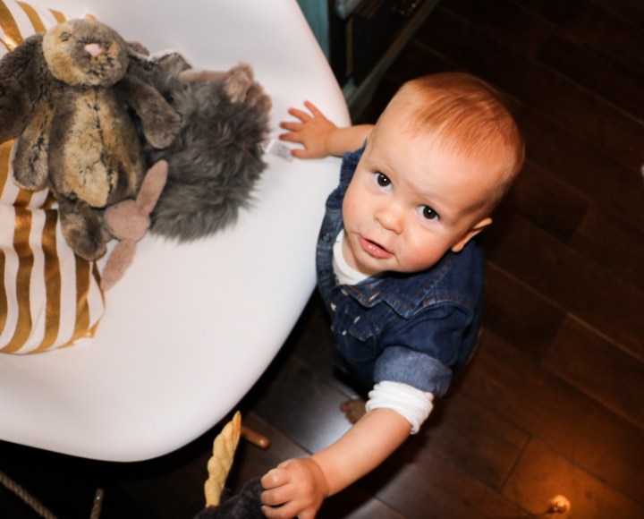 This is a lovely idea and I really do have to hand it to the parents out there taking photos of their child in front of the same wall every day for 18 years. I thought that this would be an easy task, especially since I was home with Beckett every day for his first year. But for some reason, this ended up being a lot more challenging than I thought it would be. By the time I had gotten him dressed into sweatpants or whatever clothes happened to be clean that day, I would realize that it was the day I was supposed to take a new monthly photo, but would then put it off until he was wearing a cuter outfit. When the next day rolled around, we would be out at the library or the grocery store and it would get put off again. When B started to become more mobile, it became even more difficult to actually capture him sitting still for our photo shoot. I’m tired just thinking about it.
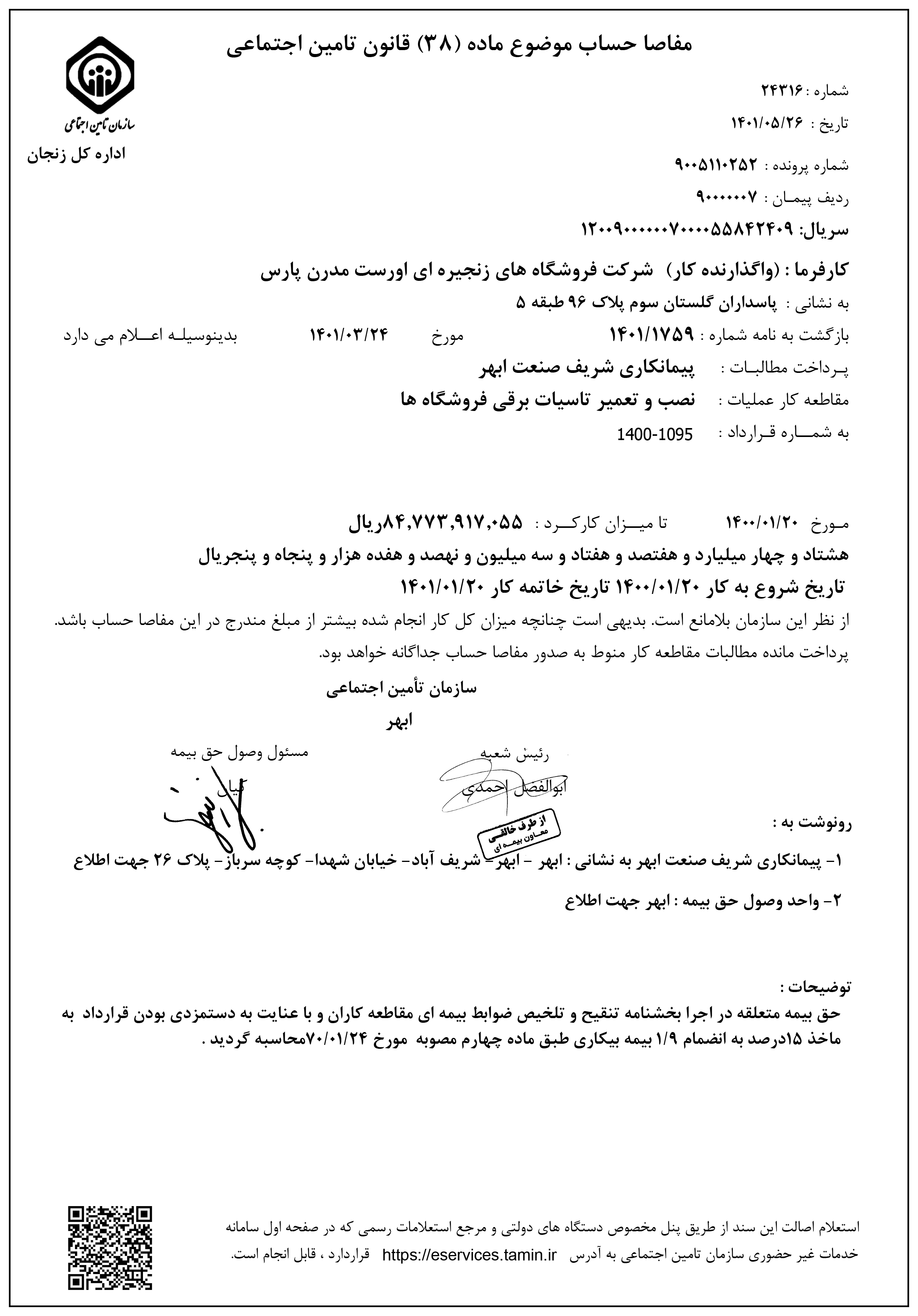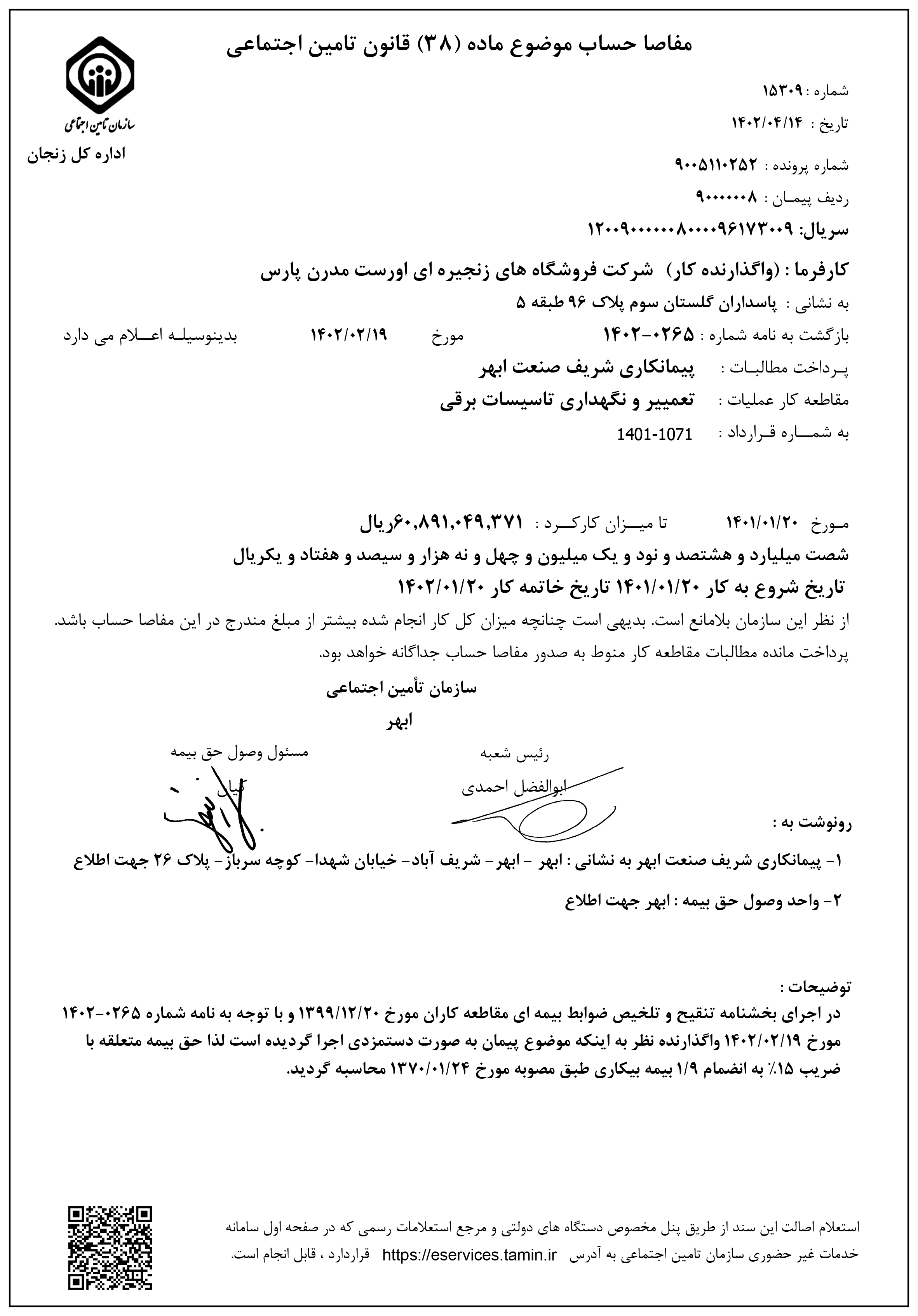 مفاصا حساب های شرکت شریف صنعت ابهر
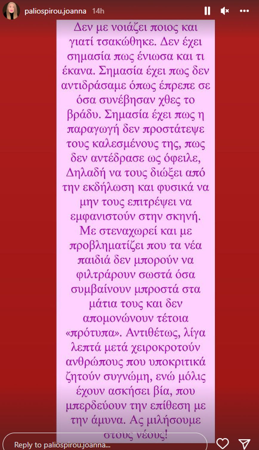 H Ιωάννα Παλιοσπύρου, η οποία ήταν στη σκηνή για να δώσει και το βραβείο στην Έλενα Παπαρίζου, κάτι που τελικά δεν έγινε, έγραψε: «Δεν με νοιάζει ποιος και γιατί τσακώθηκε. Δεν έχει σημασία πώς ένιωσα και τι έκανα. Σημασία έχει πως δεν αντιδράσαμε όπως έπρεπε σε όσα συνέβησαν χθες το βράδυ. Σημασία έχει πως η παραγωγή δεν προστάτευσε τους καλεσμένους της, πως δεν αντέδρασε ως όφειλε. Δηλαδή να τους διώξει από την εκδήλωση και φυσικά να μην τους επιτρέψει να εμφανιστούν στη σκηνή. Με στενοχωρεί και με προβληματίζει που τα νέα παιδιά δεν μπορούν να φιλτράρουν σωστά όσα συμβαίνουν μπροστά στα μάτια τους και δεν απομονώνουν τέτοια «πρότυπα». Αντιθέτως, λίγα λεπτά μετά χειροκροτούν ανθρώπους που υποκριτικά ζητούν συγγνώμη, ενώ μόλις έχουν ασκήσει βία, που μπερδεύουν την επίθεση με την άμυνα. Ας μιλήσουμε στους νέους».
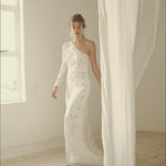 The Gabrielle Gown is an inimitable couture piece. The entire gown is hand-beaded with unfurling flowers rendered in sequins, glass beads and satin thread, in hues of ivory and pale silver. The striking asymmetrical cut exposes one shoulder and features a single sleeve - lightly gathered at the shoulder adding subtle volume, and fastened at the wrist with silk-covered buttons. Fitted to the hip, a narrow silk band encircles the waist. The elegant column skirt fans out to form a regal train. The gown closure is an invisible zip on the left side.
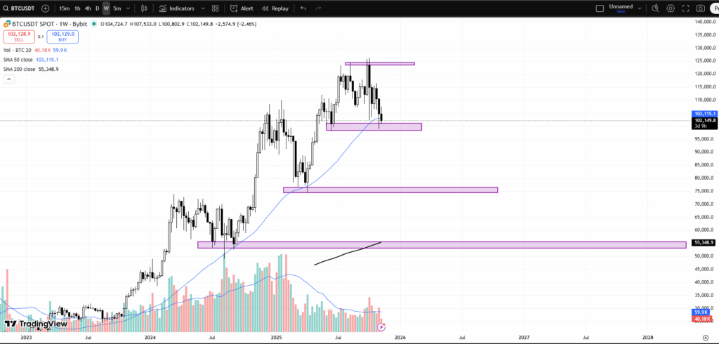 The death cross on Bitcoin is confirmed as it remains in a downtrend, poking support from above and attempting to break it on the weekly timeframe. The next support level would be $75K, with deeper corrections possible at $55K—notably, the 200-week moving average (WMA 200) is also near $55K flaunting confluence. It is just a possibility and it is not a confirmation.
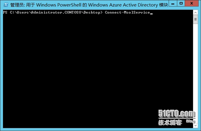 8.打开Powershell for Windows Azure AD,输入connect-MsolService连接到Azure AD
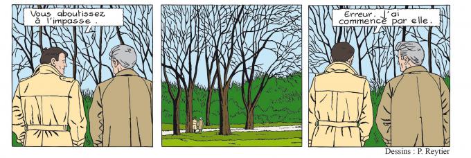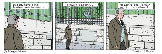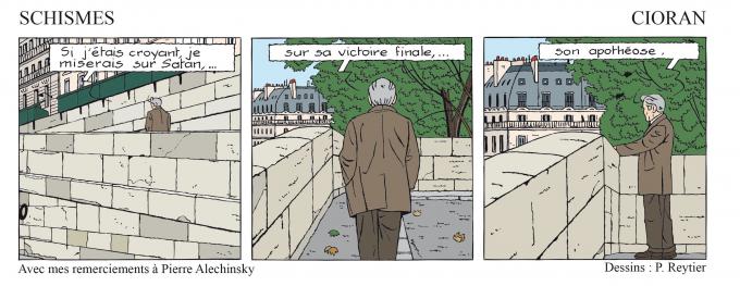 Dans une ligne claire à la Floc’h, Patrice Reytier s’empare des maximes efficaces et abruptes de Cioran. Sous forme de strips, il les met en scène dans la bouche de l’auteur arpentant les rues de la capitale. C’est si précis et méticuleux qu’on a l’impression que ces phrases étaient conçues pour ce mode d’expression. On ira ainsi du Père Lachaise au jardin des Tuileries, de la place de la Concorde aux quais de Seine. Dans une carte postale parisienne, les considérations métaphysiques et théologiques amènent à la réflexion sur le sens de la vie, ou, pour Cioran, son non-sens.
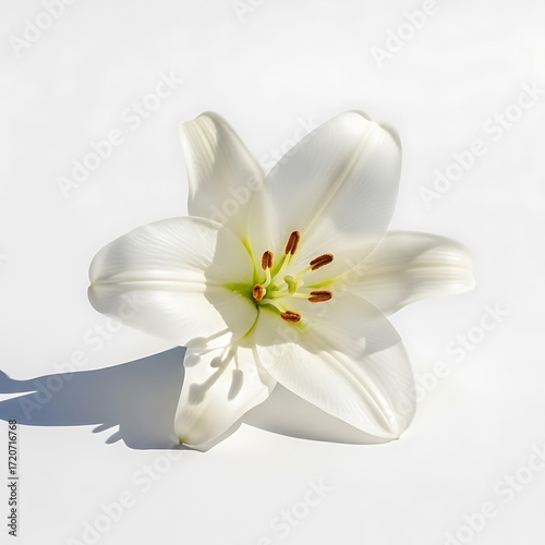 A single, pristine white lily rests gracefully on a plain white background, showcasing delicate petals and a central cluster of vibrant stamens.
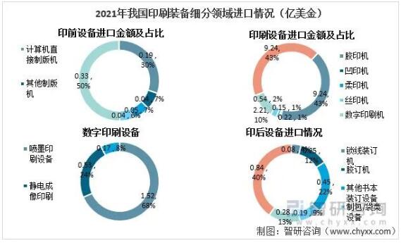 資料來源:中國印刷及設備器材工業協會、智研咨詢整理 2021年國內印刷裝備進口24.73億美元。其中,印前設備進口0.65億美元、印刷設備進口21.75億美元、數字印刷設備2.22億美元、印后設備進口2.33億美元。 2021年我國印刷裝備細分領域進口情況(億美金)
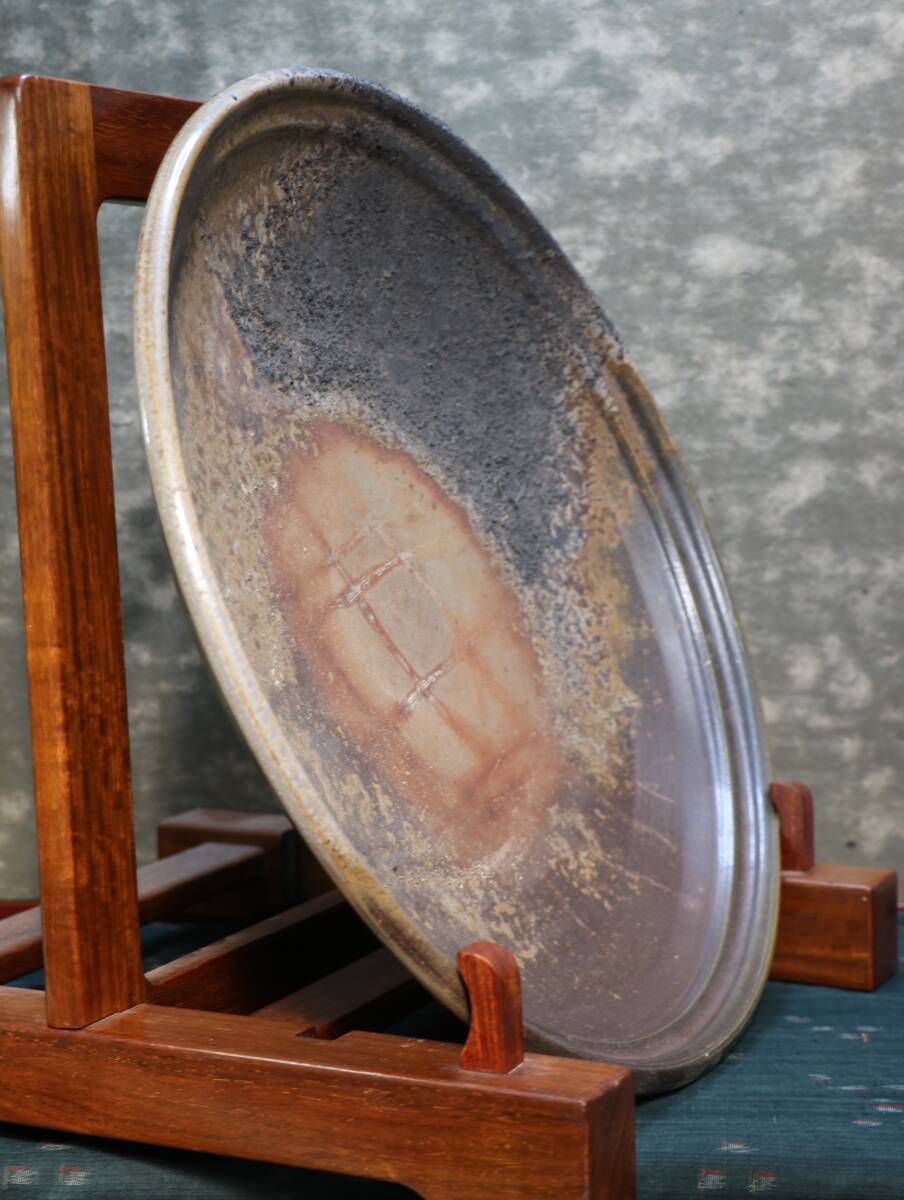 - 備前焼【大皿】行吉 学 作 端正豪快極限焼き締め 窯変 ヒダスキ 焦げ 重量3.9kg
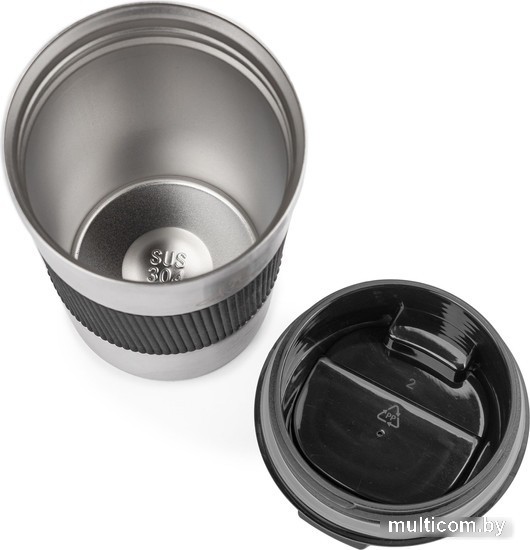 | Информация | Термокружку удобно держать в руке даже с горячим содержимым, ведь силиконовая нескользящая накладка в середине корпуса служит термоизолятором. Сужающаяся ко дну форма позволяет вместить кружку в подстаканники диаметром от 7 см. На дне также есть противоскользящее термоизолирующее покрытие. Упаковано в коробку 16?9,5?9,5 см. |

§

**Exercise directions:**
Do not include the images; transcribe the rest of the listing exactly.

**Response box:**
 This is a lovely idea and I really do have to hand it to the parents out there taking photos of their child in front of the same wall every day for 18 years. I thought that this would be an easy task, especially since I was home with Beckett every day for his first year. But for some reason, this ended up being a lot more challenging than I thought it would be. By the time I had gotten him dressed into sweatpants or whatever clothes happened to be clean that day, I would realize that it was the day I was supposed to take a new monthly photo, but would then put it off until he was wearing a cuter outfit. When the next day rolled around, we would be out at the library or the grocery store and it would get put off again. When B started to become more mobile, it became even more difficult to actually capture him sitting still for our photo shoot. I’m tired just thinking about it.
 مفاصا حساب های شرکت شریف صنعت ابهر
 H Ιωάννα Παλιοσπύρου, η οποία ήταν στη σκηνή για να δώσει και το βραβείο στην Έλενα Παπαρίζου, κάτι που τελικά δεν έγινε, έγραψε: «Δεν με νοιάζει ποιος και γιατί τσακώθηκε. Δεν έχει σημασία πώς ένιωσα και τι έκανα. Σημασία έχει πως δεν αντιδράσαμε όπως έπρεπε σε όσα συνέβησαν χθες το βράδυ. Σημασία έχει πως η παραγωγή δεν προστάτευσε τους καλεσμένους της, πως δεν αντέδρασε ως όφειλε. Δηλαδή να τους διώξει από την εκδήλωση και φυσικά να μην τους επιτρέψει να εμφανιστούν στη σκηνή. Με στενοχωρεί και με προβληματίζει που τα νέα παιδιά δεν μπορούν να φιλτράρουν σωστά όσα συμβαίνουν μπροστά στα μάτια τους και δεν απομονώνουν τέτοια «πρότυπα». Αντιθέτως, λίγα λεπτά μετά χειροκροτούν ανθρώπους που υποκριτικά ζητούν συγγνώμη, ενώ μόλις έχουν ασκήσει βία, που μπερδεύουν την επίθεση με την άμυνα. Ας μιλήσουμε στους νέους».
 The Gabrielle Gown is an inimitable couture piece. The entire gown is hand-beaded with unfurling flowers rendered in sequins, glass beads and satin thread, in hues of ivory and pale silver. The striking asymmetrical cut exposes one shoulder and features a single sleeve - lightly gathered at the shoulder adding subtle volume, and fastened at the wrist with silk-covered buttons. Fitted to the hip, a narrow silk band encircles the waist. The elegant column skirt fans out to form a regal train. The gown closure is an invisible zip on the left side.
 The death cross on Bitcoin is confirmed as it remains in a downtrend, poking support from above and attempting to break it on the weekly timeframe. The next support level would be $75K, with deeper corrections possible at $55K—notably, the 200-week moving average (WMA 200) is also near $55K flaunting confluence. It is just a possibility and it is not a confirmation.
 8.打开Powershell for Windows Azure AD,输入connect-MsolService连接到Azure AD
 Dans une ligne claire à la Floc’h, Patrice Reytier s’empare des maximes efficaces et abruptes de Cioran. Sous forme de strips, il les met en scène dans la bouche de l’auteur arpentant les rues de la capitale. C’est si précis et méticuleux qu’on a l’impression que ces phrases étaient conçues pour ce mode d’expression. On ira ainsi du Père Lachaise au jardin des Tuileries, de la place de la Concorde aux quais de Seine. Dans une carte postale parisienne, les considérations métaphysiques et théologiques amènent à la réflexion sur le sens de la vie, ou, pour Cioran, son non-sens.
 A single, pristine white lily rests gracefully on a plain white background, showcasing delicate petals and a central cluster of vibrant stamens.
 資料來源:中國印刷及設備器材工業協會、智研咨詢整理 2021年國內印刷裝備進口24.73億美元。其中,印前設備進口0.65億美元、印刷設備進口21.75億美元、數字印刷設備2.22億美元、印后設備進口2.33億美元。 2021年我國印刷裝備細分領域進口情況(億美金)
 - 備前焼【大皿】行吉 学 作 端正豪快極限焼き締め 窯変 ヒダスキ 焦げ 重量3.9kg
 | Информация | Термокружку удобно держать в руке даже с горячим содержимым, ведь силиконовая нескользящая накладка в середине корпуса служит термоизолятором. Сужающаяся ко дну форма позволяет вместить кружку в подстаканники диаметром от 7 см. На дне также есть противоскользящее термоизолирующее покрытие. Упаковано в коробку 16?9,5?9,5 см. |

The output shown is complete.